It lists all the possible changes that can occur in a graph. The events are:
graph clear
This should barely happen, but if this is the case, instead of sending as many remove events as there are elements in the graph, this event is sent.
element add
This is sent each time a node or edge is added.
element remove
This is sent each time a node or edge is removed.
attribute change
This is sent each time an attribute is changed in an element (node, edge or the graph).
One can register a listener in a graph like this:
"Graph g = new Graph( "" ); g.addGraphListener( myListener );"
After this, the listener “myListener” will receive notifications of every change in the graph structure and attributes.
In the GraphStream API, all the UI and graph displaying (that lives in the “org.miv.graphstream.ui” package), uses this feature to keep in sync with the current state of the graph.
This indeed allows to separate the graph manipulation, and its various side-effects in process that depend on it. This way, other graph classes that can (will!) appear in the API will be able to use directly the UI features without changes.
This feature also allow one of the features of GraphStream that permit to build a distributed application, where a graph and the algorithms that modify/use it lie on one machine, whereas the display of this graph and various data collected on it runs on another machine.
The uses of such a feature are numerous.
TODO: explanation of the inner working of the graph class:
Input and output in GraphStream are simple (once again). To read a graph instantiate one and call the “read(String filename)” method. To write a graph call the “write(String filename)” method. That's it.
If you are in a hurry, you can stop reading here. The recipe given above just works. However the next sections give details for interested readers.
The whole I/O package (“org.miv.graphstream.io”) of GraphStream is made of readers and writers very similar to the one found in the Java Development Kit. Each reader and writer is specific to a graph file format.

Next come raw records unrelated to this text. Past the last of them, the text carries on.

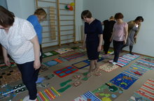 Каждая группа представила свою «Дорожку здоровья». Каждая дорожка была по — своему оригинальна и интересна. Участники использовали множество нетрадиционного оборудования при изготовлении: фломастеры, бусы, губки, бигуди, пуговицы и многое другое. Воспитатели с удовольствием "прогулялись по дорожкам здоровья". -
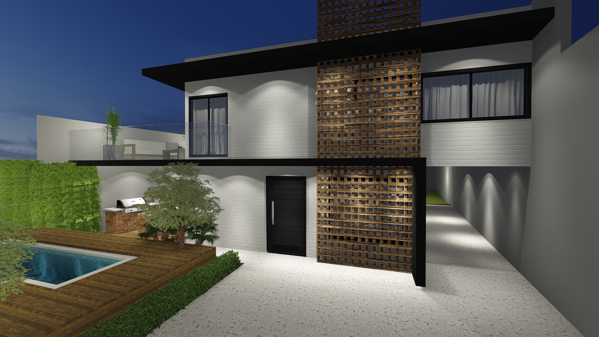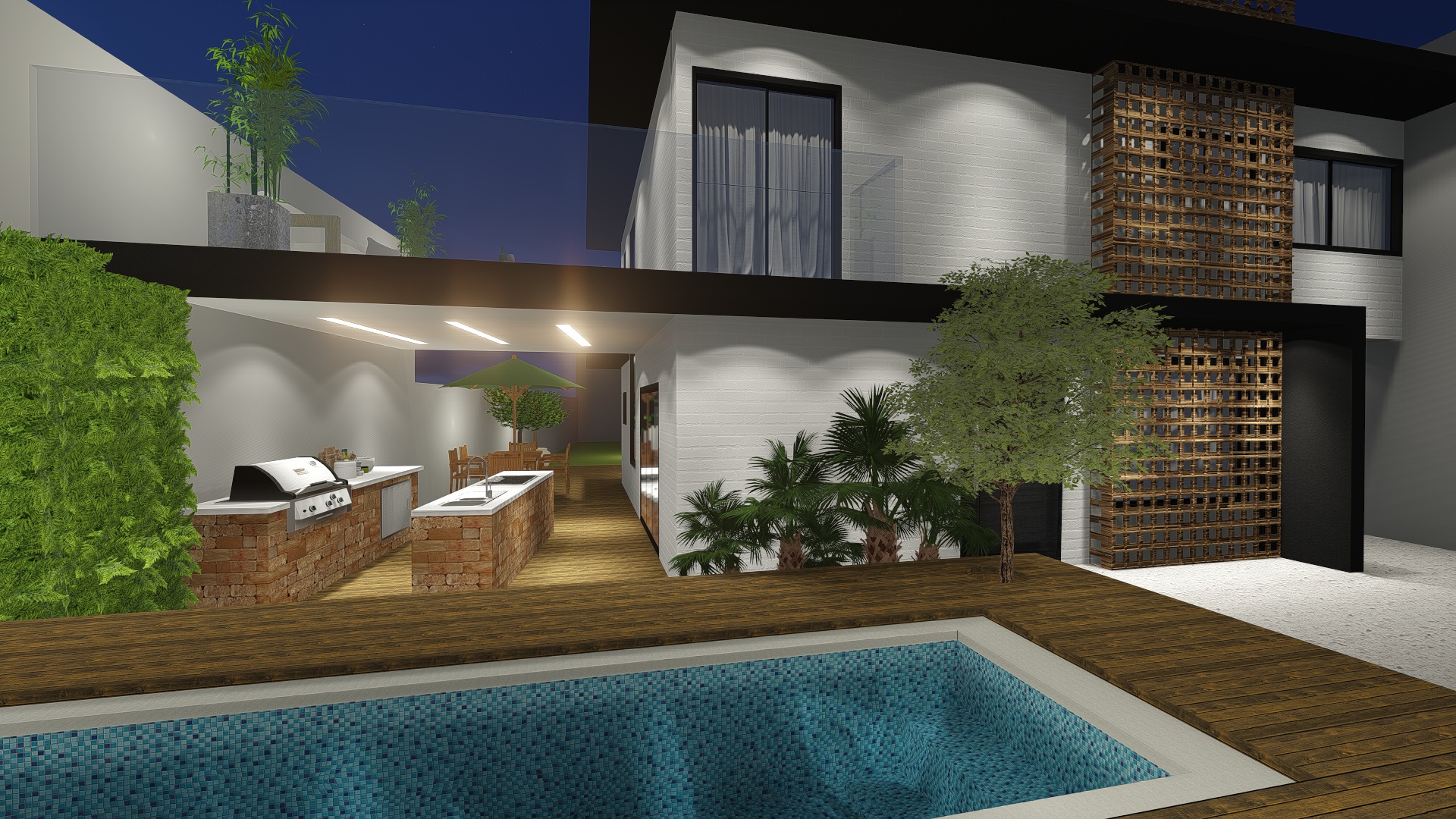 Reforma realizada para um casal sem filhos que gostaria de aproveitar melhor a área externa do seu terreno foi acrescentado um belo deck elevado com piscina, espaço para churrasqueira em área coberta e um jardim vertical para completar o visual natural da casa.
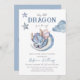 Celebre o bebê que vai ser nascer com este convite de conto de fadas encantado, temido pelo livro de histórias, em cores azuis, com livros, dragões e nuvens para o seu Chá de fraldas Little Dragon Boy
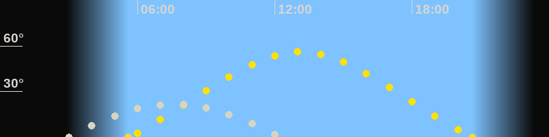 | Höchster Sonnenstand (Kulmination) | 13:06 Uhr (h = 56.3°) |
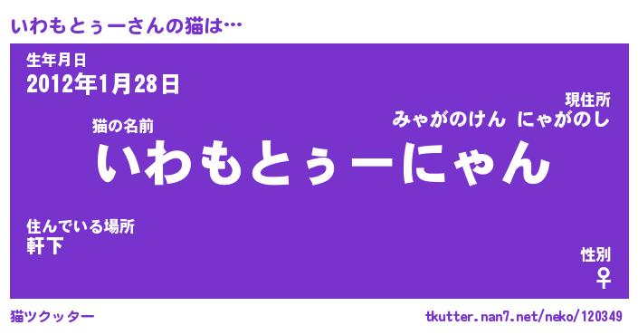 | 女子向けラノベタイトル風あだ名 | 『(仮)いわもとぅーのやんごとなき事情』 |
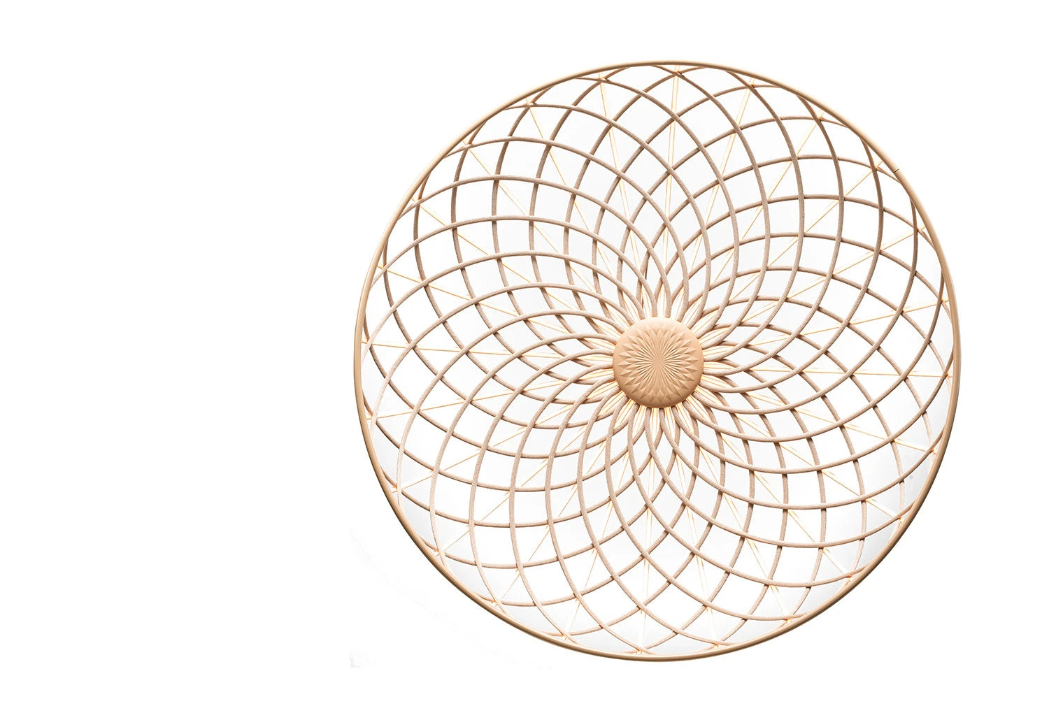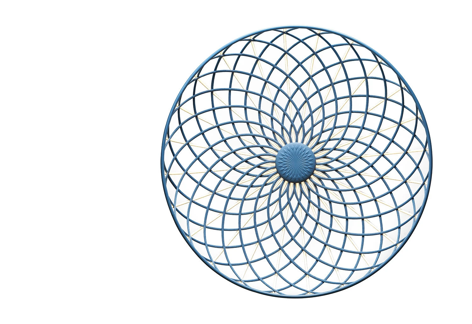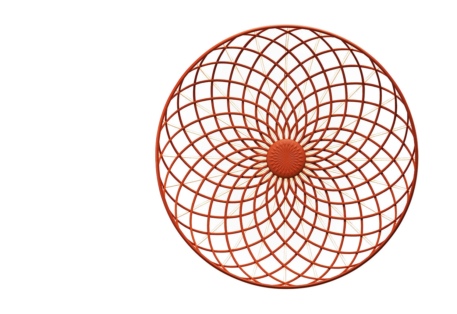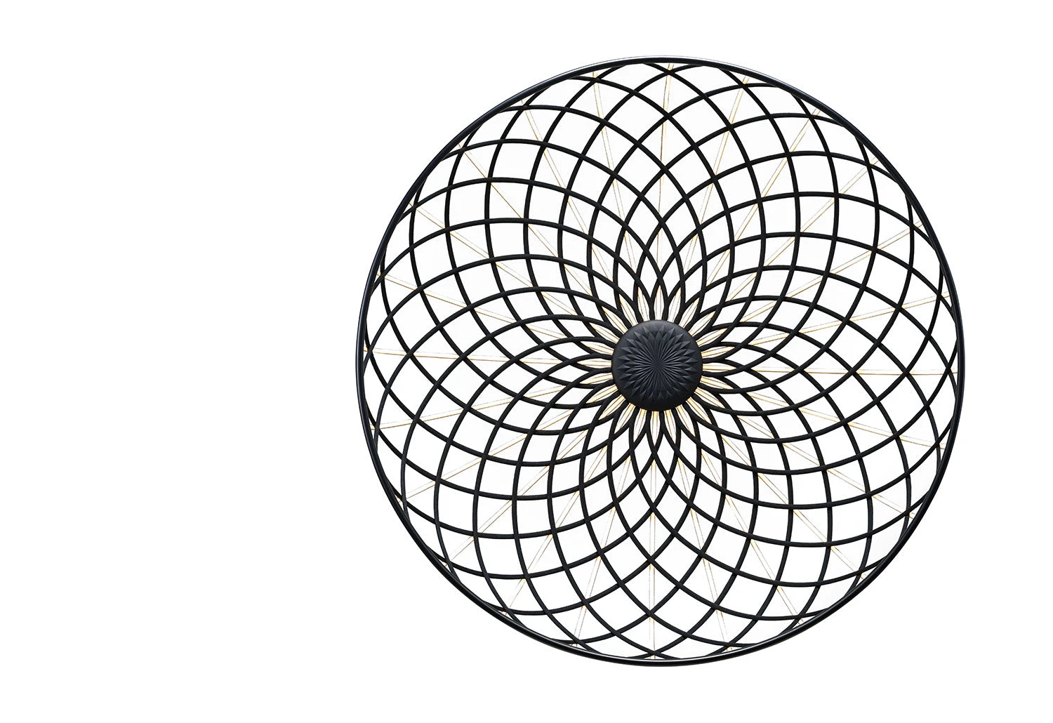 The dome is constructed from a network of tubular mesh made from recycled polyester, with each luminous element powered by a special micro-connector connected to the top. To ensure optimal light emission from the LED modules, these are always white when facing the inside of the dome.
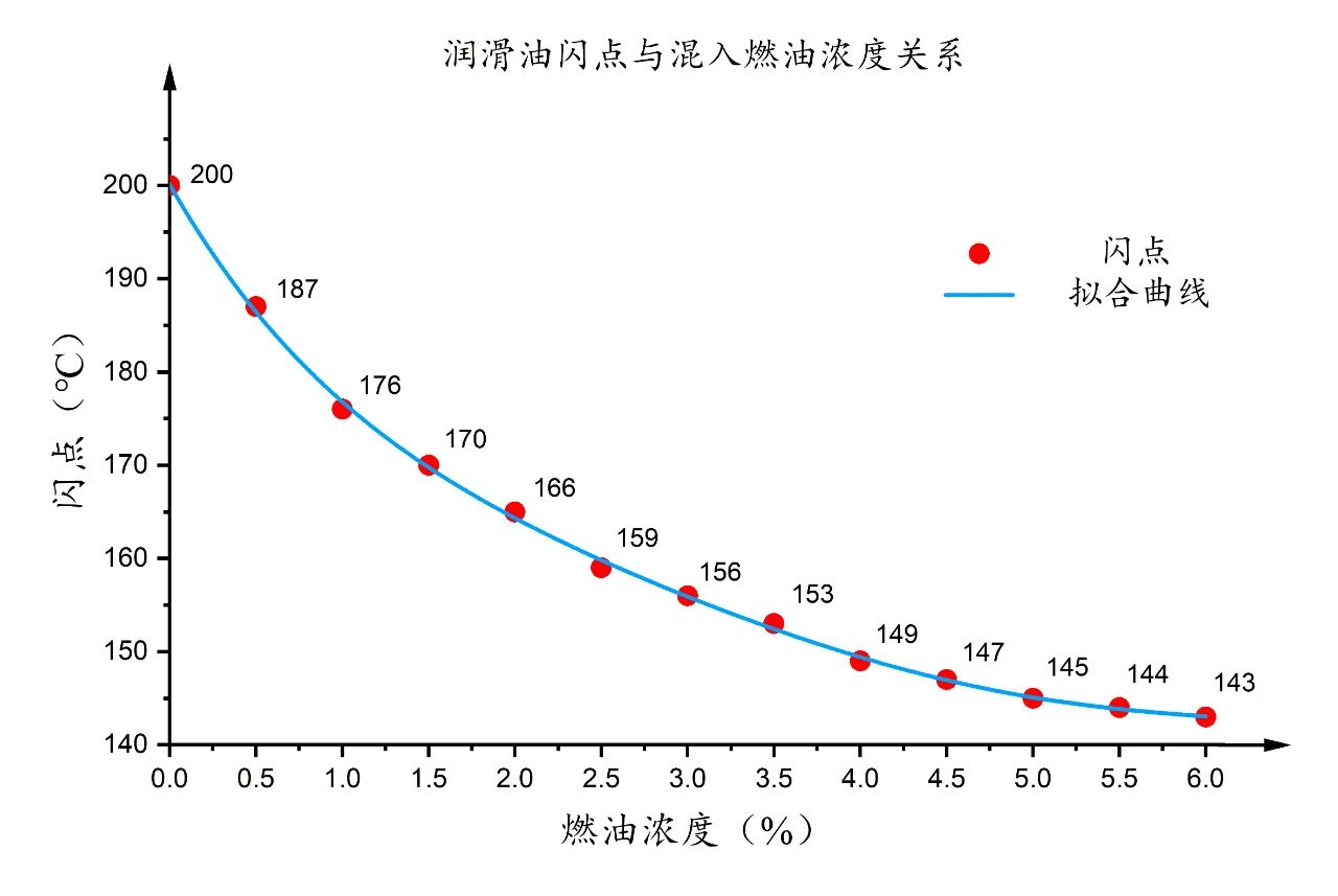 本文模擬船舶發(fā)動機(jī)潤滑油受燃油污染的場景,使用FP CC-420A微量連續(xù)閉口閃點(diǎn)儀對潤滑油/柴油混合物的閃點(diǎn)進(jìn)行測試,通過測試結(jié)果建立潤滑油稀釋-閃點(diǎn)模型,可用于判斷潤滑油受污染程度。同時(shí),該方法樣品量小、測試時(shí)間短、安全性高,滿足輪船行駛過程中的使用要求。

The whole I/O package is made to be independent of the “graph” package. This means that you can use it without using the graph classes provided by GraphStream. It can also be useful for example to output a graph on disk without ever constructing a graph in memory, merely by generating events. More on this topic later.
As there can be a lot of readers, they can be more easily instantiated using a “GraphReaderFactory”. This factory is a class that has only one static method “readerFor(String fileName)”. This method takes the name of a file on the local file system and tries to guess the correct reader class for the format of the file. This method is smart (at least a little smart). It opens the file and tries to infer from what it reads at the beginning of it the type of file. Most of the time this works. If this fails, it looks at the file name extension. If this last try fails, you are so out of luck, or you should reconsider the way you manage your files (does your desktop is a mess?).
Here is an example of use:
"GraphReader reader = GraphReaderFactory.readerFor( fileName );"
| Tip | The thing to remember is that the “GraphFactory” will correctly infer the type of any graph written with graph writers of this library. |
Once you have a reader, two usage scenarii are possible:
Why the second solution ? As you must well know now, GraphStream has been written to handle constantly evolving graphs. Therefore begin able to read and write graph files in one unique operation is not completely satisfying. Indeed a graph file has to be able to store not only a picture of the graph at any time “t”, but it has to be able to store the evolution of the graph.
In order to handle this, a new graph format has been devised, it is called “DGS” (and a specification is given in the appendices (DGS)). But in addition to this format, it must also be possible to read continuously a graph while doing other things.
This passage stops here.